Host local self-updating webpage mirror with wget!
I need to mirror a remote webpage locally. Problem is - the webpage can be updated at any time, and the mirror needs to stay current. Here's my solution! Python script uses a tailored wget command to download mirrorized site, updating on 1hr intervals. I tried many flag combinations and this is what works best for a single page local mirror, see flag explainations below. In my environment .
is pointed to the htdocs
folder of my Apache webserver. Edit mirror.py
with your domain and webserver directory of choice, then run!
import os
import time
while True:
# Grab latest mirror
os.system("wget -E -H -k -K -nd -N -p -P . http://www.domain.com")
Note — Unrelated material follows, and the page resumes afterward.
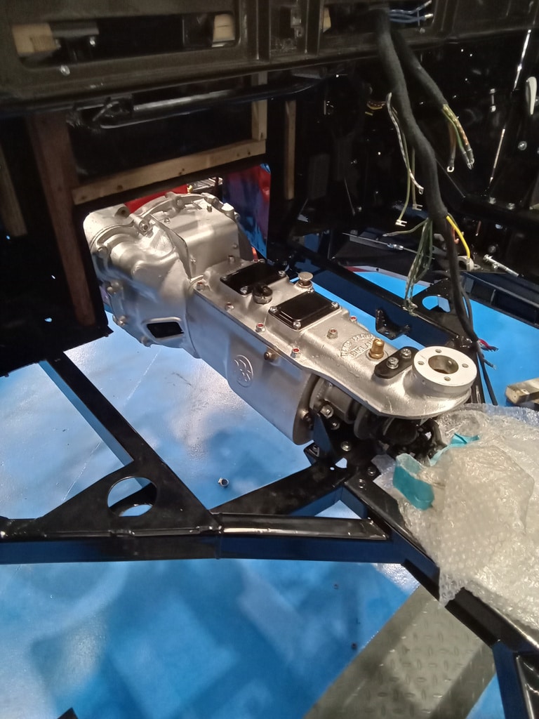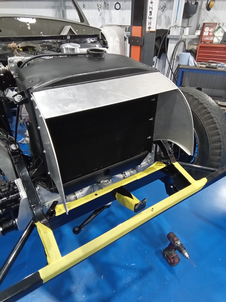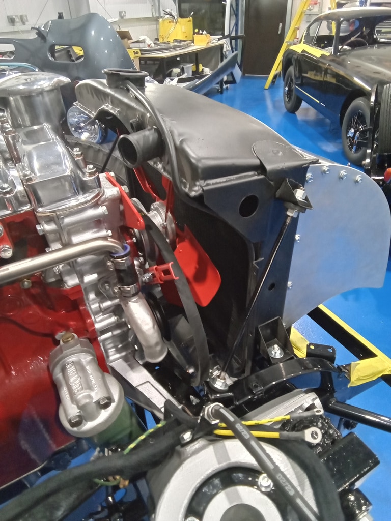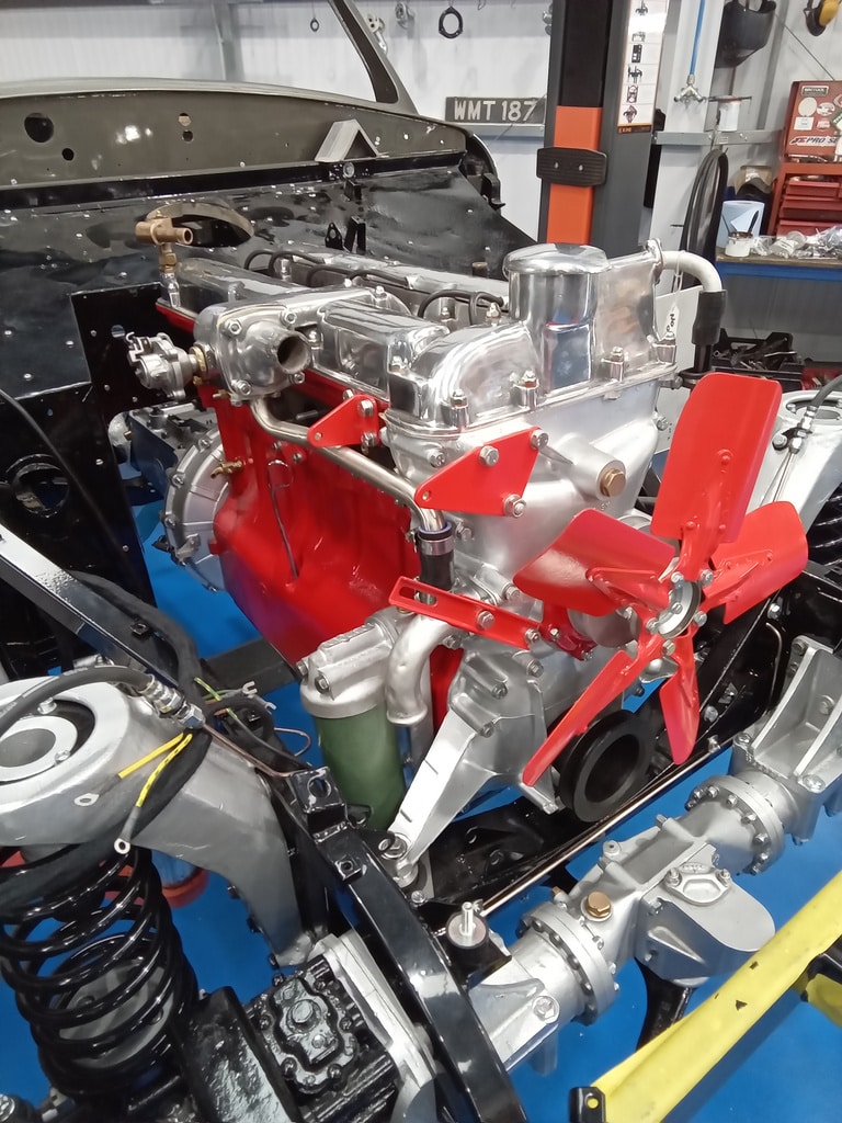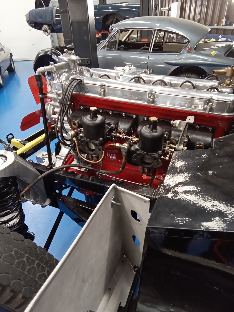 The freshly rebuilt straight-six and manual gearbox arrived back recently at our restoration workshop ready to go into the refurbished chassis. Our technician Rob, who has been heading up this project, carefully lowered the engine block and gearbox into the chassis before then test fitting the radiator, radiator braces aswell as the custom made cowel panels.

# -E = Include suffix ‘.html’ to be appended to the local filename
# -H = Enable spanning across hosts when doing recursive retrieving
# -k = Convert links to make sutible for local viewing (javascript + css imports)
# -K = Back up the original version with a ‘.orig’ suffix
# -nd = Enable "distruct" to overwrite old files
# -N = If file exists locally and remote file is not newer, don't download
# -p = Download just this single page and all its requisites
# -P = Specify location to download site files, I use '.' to target current directory
print("Mirror Updated! Waiting 1hr...")
time.sleep(3600)
If the webpage requires credentials - Try logging in first to recieve a user token, then use that subsequent retrievals.
--header "Authorization: Basic ac1zMDUzDFpJbnRltJhEYGAwMCA"